The overview revealed that the dominant artificial reef implementation occurs in the Mediterranean and Atlantic Seas, both accounting for
24%. The remaining cases were in the Australian Sea (20%), the South Asia Sea (12%), the Persian Gulf and the Pacific Ocean, both with 8%, and the
Indian Sea with 4% of all the cases studied. It was concluded that fused filament fabrication, binder jetting and material extrusion represent the main AM
processes used to build artificial reefs.
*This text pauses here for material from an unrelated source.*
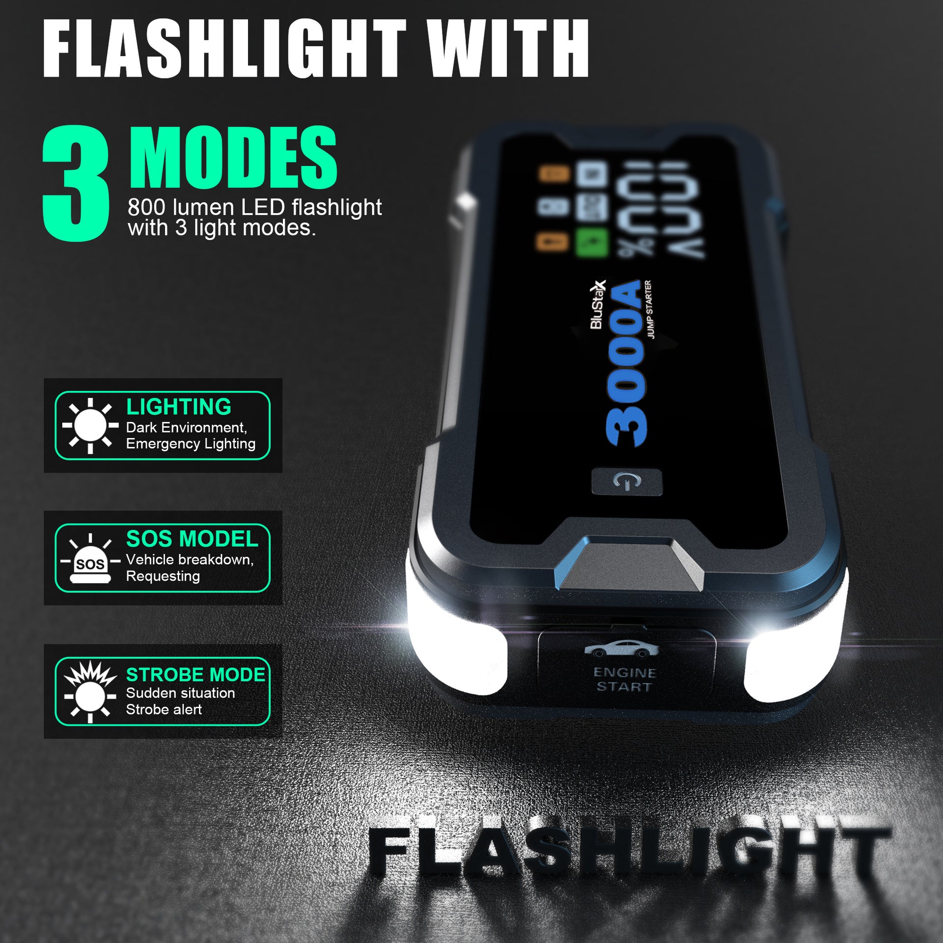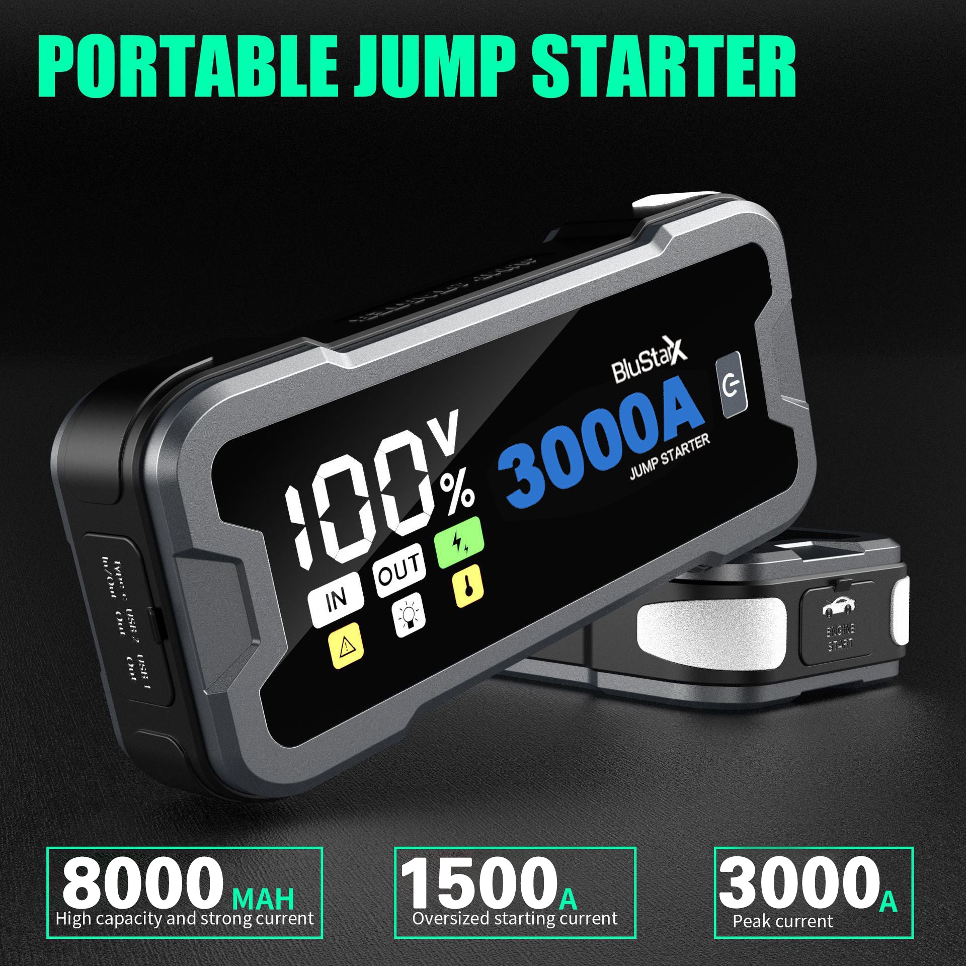 - ⚡ 12V Portable Jump Starter: 3000A peak current, easily jump-starts 3.5L gasoline vehicles and 2.8L diesel vehicles, stable operation from -20°C to 60°C.

Cementitious materials, ceramics, polymers and geopolymer formulations were used, incorporating aggregates from
mineral residues, biological wastes and pozzolan materials, to reduce environmental impacts, promote the circular economy and be more beneficial for
marine ecosystems. The evaluation ranking assessed how well their design and materials align with their ecological goals, demonstrating that five cases
were ranked with high effectiveness, ten projects with moderate effectiveness and one case with low effectiveness.
AM represents an innovative method for marine restoration and management. It offers a rapid prototyping technique for design
validation and enables the creation of highly complex shapes for habitat diversification while incorporating a diverse range of materials to benefit
environmental and marine species’ habitats.